### Work request
The whole listing that follows is to be restated word for word, images excluded.

### Dataset excerpt
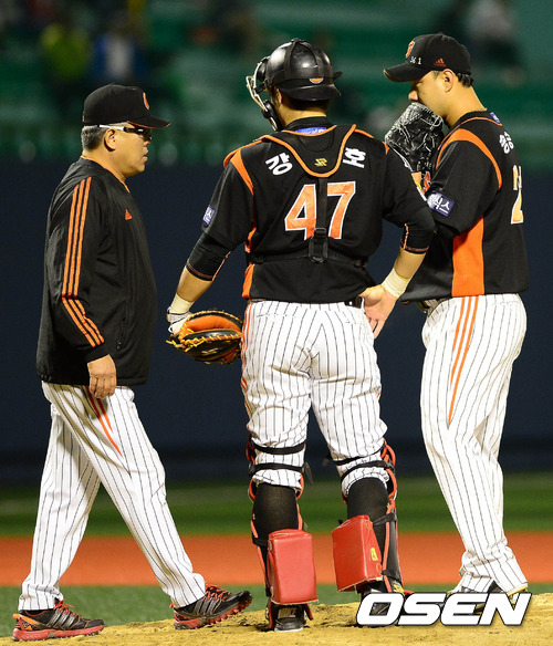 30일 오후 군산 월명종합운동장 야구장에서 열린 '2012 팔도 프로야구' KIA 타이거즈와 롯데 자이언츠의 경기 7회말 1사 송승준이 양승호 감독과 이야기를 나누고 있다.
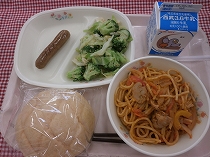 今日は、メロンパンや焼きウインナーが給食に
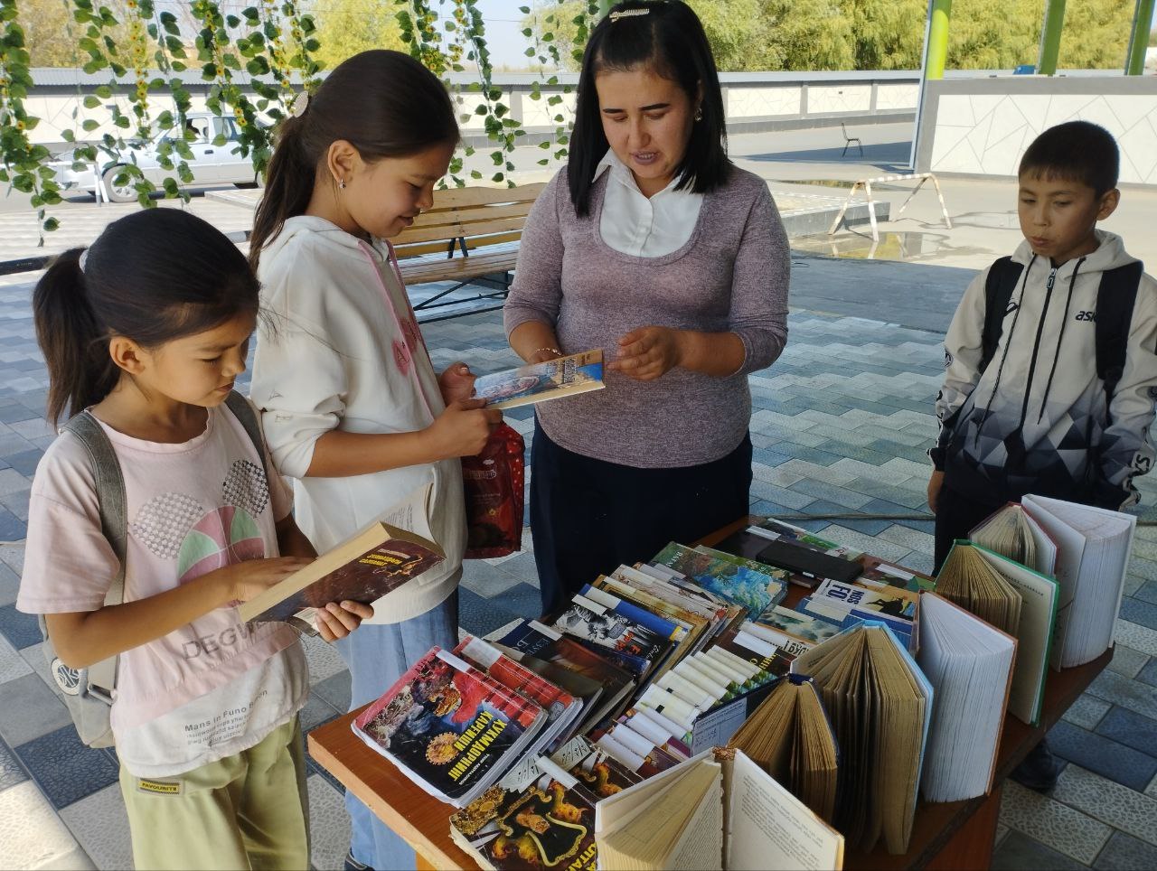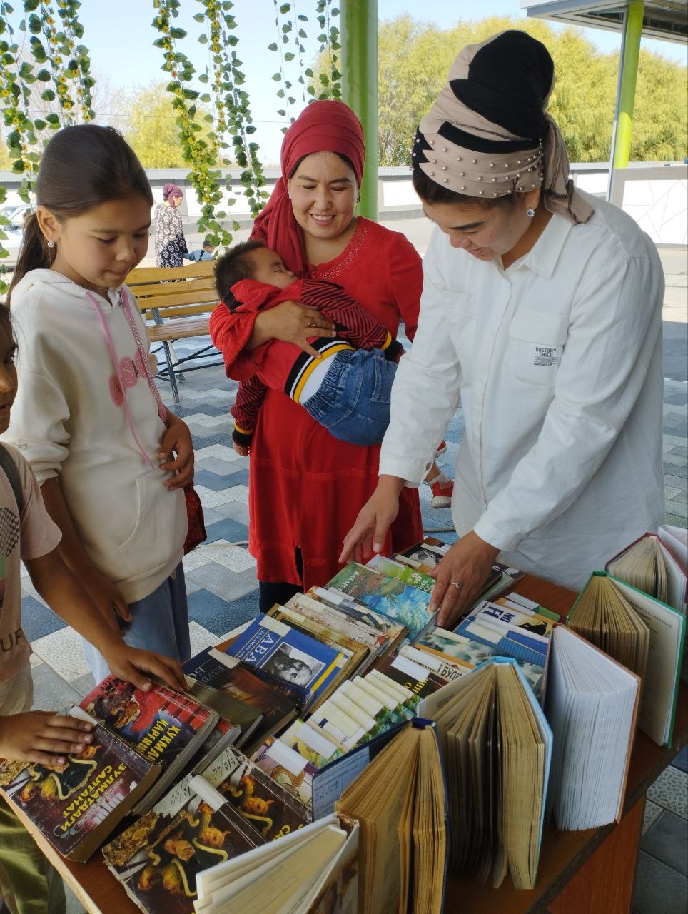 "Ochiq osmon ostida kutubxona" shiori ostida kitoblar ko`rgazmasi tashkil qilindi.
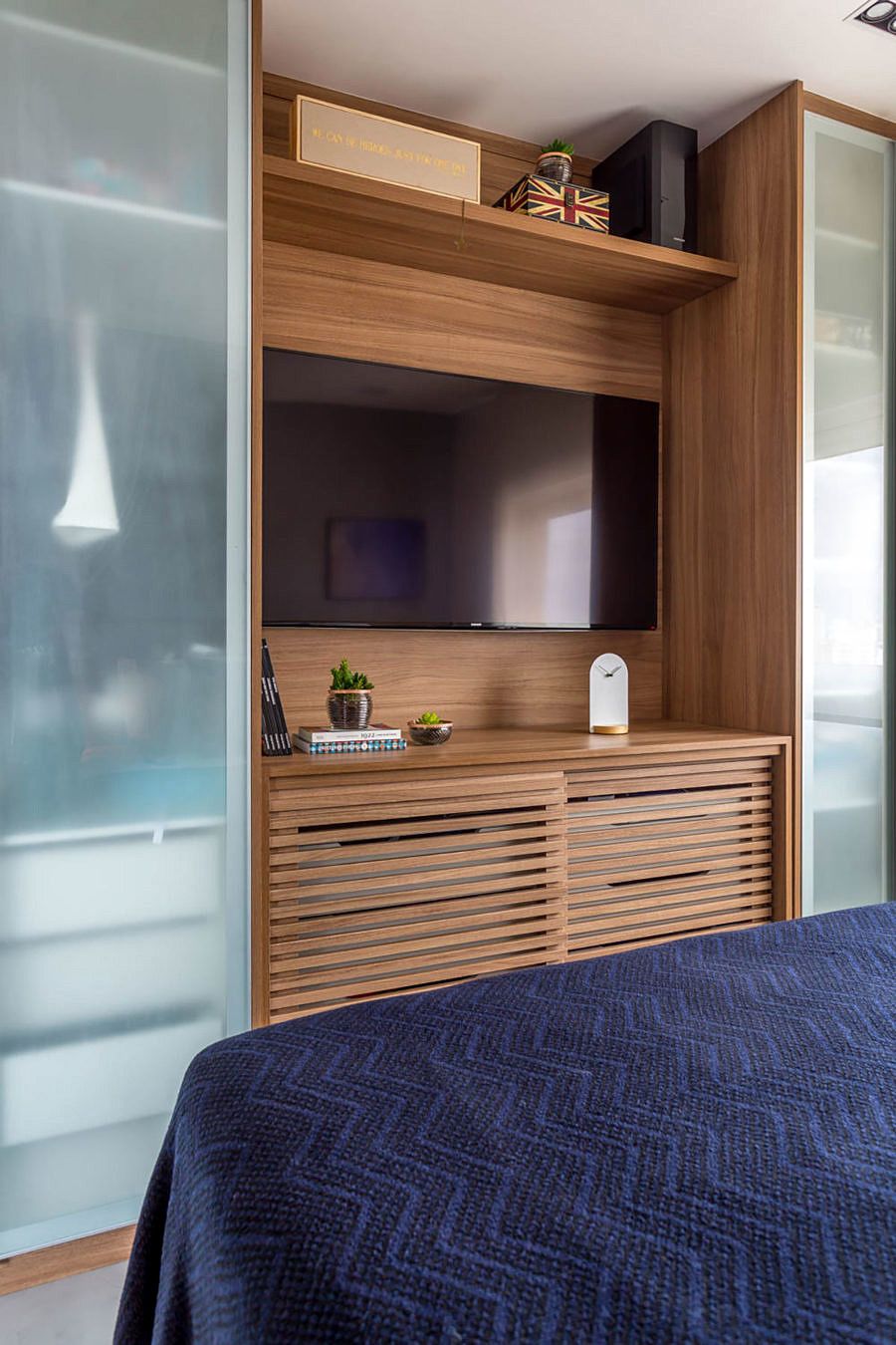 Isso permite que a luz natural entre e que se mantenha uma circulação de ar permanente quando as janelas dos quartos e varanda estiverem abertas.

### Finished exercise
 30일 오후 군산 월명종합운동장 야구장에서 열린 '2012 팔도 프로야구' KIA 타이거즈와 롯데 자이언츠의 경기 7회말 1사 송승준이 양승호 감독과 이야기를 나누고 있다.
 今日は、メロンパンや焼きウインナーが給食に
 "Ochiq osmon ostida kutubxona" shiori ostida kitoblar ko`rgazmasi tashkil qilindi.
 Isso permite que a luz natural entre e que se mantenha uma circulação de ar permanente quando as janelas dos quartos e varanda estiverem abertas.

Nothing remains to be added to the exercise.